**Work task:**
Using the data that follows, give again word for word the lines between the one holding "270 500 | |" and the one holding "- Заполнить нос", inclusive. Omit the pictures.

**Extracted data entries:**
━━━

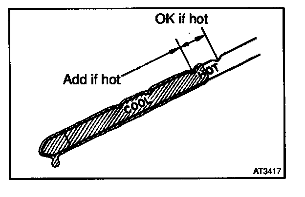 - Only use the COOL range on the dipstick as a rough reference when the fluid is replaced or the engine does not run.
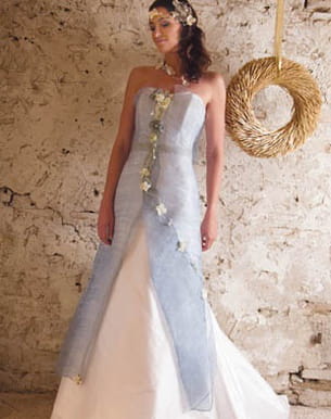 La signature des créations Elsa Gary, ce sont ces matières naturelles et écologiques qu'elle utilise. Ici, la robe Natalia est réalisée en soie sauvage blanche et sisal bleu ciel, avec une jupe à traîne. Le tout est décoré à la main de fleurs en sisal et en tissu.
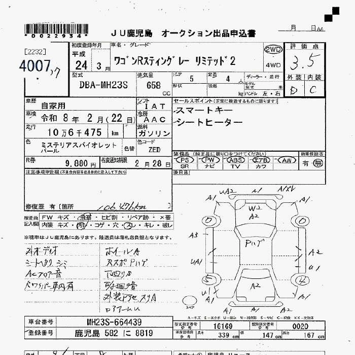 | FX LIMITED | DBA-MH34S | R06A | FF | CVT | 658cc | 52ps(38kW)/6000rpm | AИ-92 | 1 270 500 | |
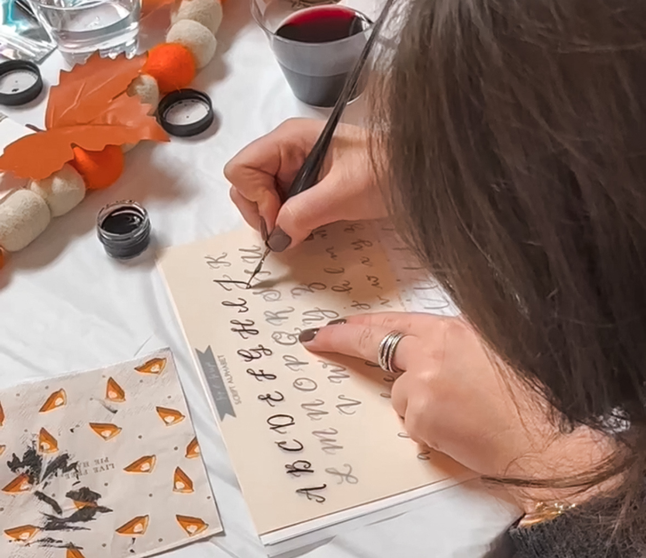 Class includes 1.5 hours of instruction and demonstration, our beginner’s calligraphy kit (two nibs, black ink pot, 2 letter guides, tracing paper, and straight pen holder), and all materials to write on. Everything is yours to keep at the end of the workshop!
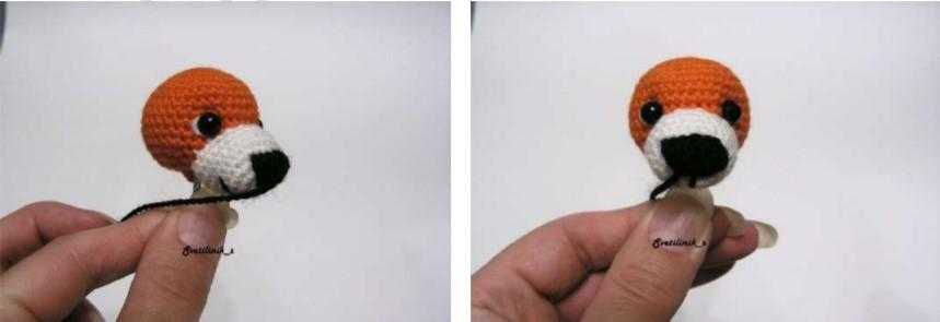 - Заполнить нос черной нитью, не обрезая, сделать стежок вниз по центру и в длину 4 ряда.
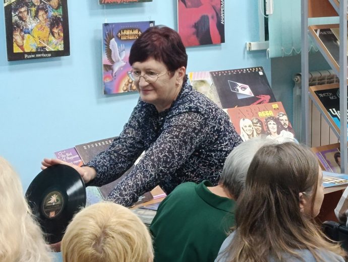 Недавно в библиотеке открылась замечательная экспозиция под названием «А музыка звучит…», на которой можно увидеть пластинки разных времён. Основная часть выставки – из собрания сотрудника библиотеки Ирины Васильевны Пырской, которая увлечённо рассказала о своей коллекции. Постоянные читатели также принесли в библиотеку не только свои любимые виниловые пластинки, но и проигрыватели.
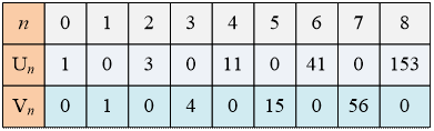 The values of Un and Vn for small n we
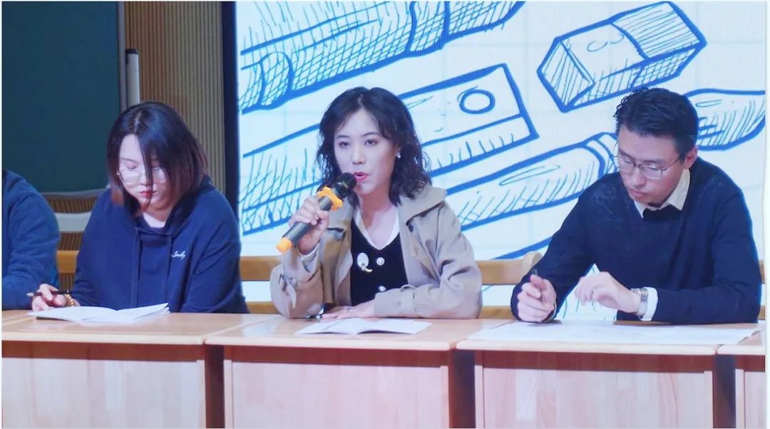课后,姚老师在说课中分析学情、分析教材,介绍磨课过程。团队成员的评课更是各有侧重,有的老师结合自己上课和今天听课的对比说出了学习感悟;同年级两位老师的评课结合自身对教材的剖析、理解;高、低备课组组长师进行了跨学段点评与备课组核心问题研究的汇报;更有语文老师跨学科的评课分析。教导处对这节课进行提炼、总结,并对同类型的课分析如何帮助学生数学建模的研究方向。
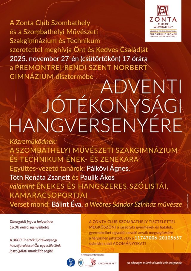 November 27-én lesz az idei adventi jótékonysági koncert iskolánk és a Zonta Club szervezésében.
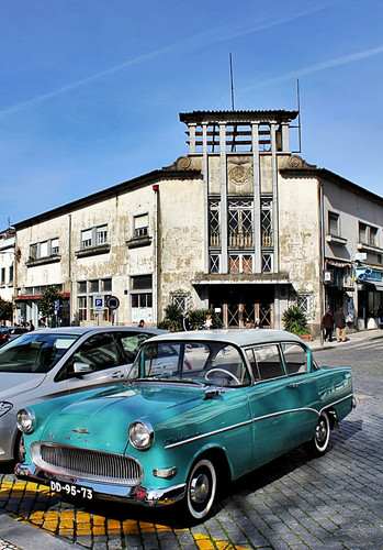 Regresso à infância. Em plástico de brinquedos, o Opel Record era oco e vinha carregado de drops em muitas cores visiveis através da dentição da sua grelha. Em modelo a sério imperava então nas nossas estradas em tons assim gaiteiros. Estacionado em frente ao Garantia seria, com certeza, de mais um hóspede de longínquas paragens. O resto era o sinaleiro no cruzamento da Adriano Pinto Basto com a Santo António.
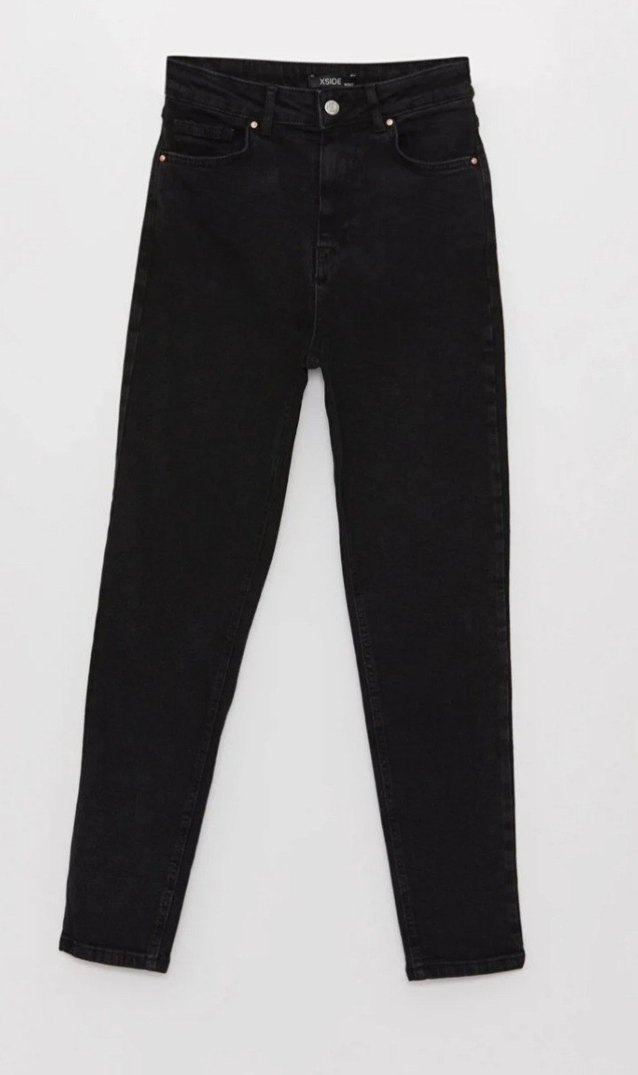 Kadınlar için regular fit siyah denim pantolon, midi boy ve tokalı detaylı, günlük rahat sokak stili için uygundur.
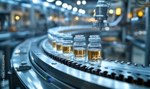 Medical vials on production line at pharmaceutical factory, Pharmaceutical machine working pharmaceutical glass bottles production line, Generative AI
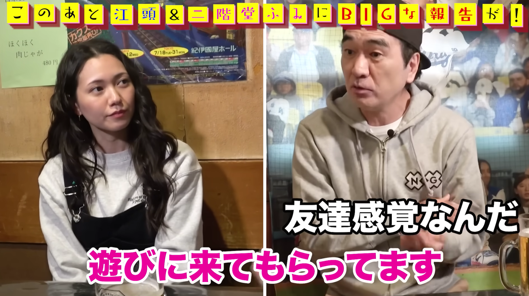 江頭さんから「どうやって付き合ってるの?行ったり来たり?」と聞かれると、二階堂さんは「遊びに来てもらってます」と現在の生活スタイルを笑顔で回答。江頭さんが「友達感覚なんだ」と驚きを見せると、二階堂さんも「そうですね」と頷き、良好な関係性をうかがわせました。

━━━

**Task answer:**
 | FX LIMITED | DBA-MH34S | R06A | FF | CVT | 658cc | 52ps(38kW)/6000rpm | AИ-92 | 1 270 500 | |
 Class includes 1.5 hours of instruction and demonstration, our beginner’s calligraphy kit (two nibs, black ink pot, 2 letter guides, tracing paper, and straight pen holder), and all materials to write on. Everything is yours to keep at the end of the workshop!
 - Заполнить нос черной нитью, не обрезая, сделать стежок вниз по центру и в длину 4 ряда.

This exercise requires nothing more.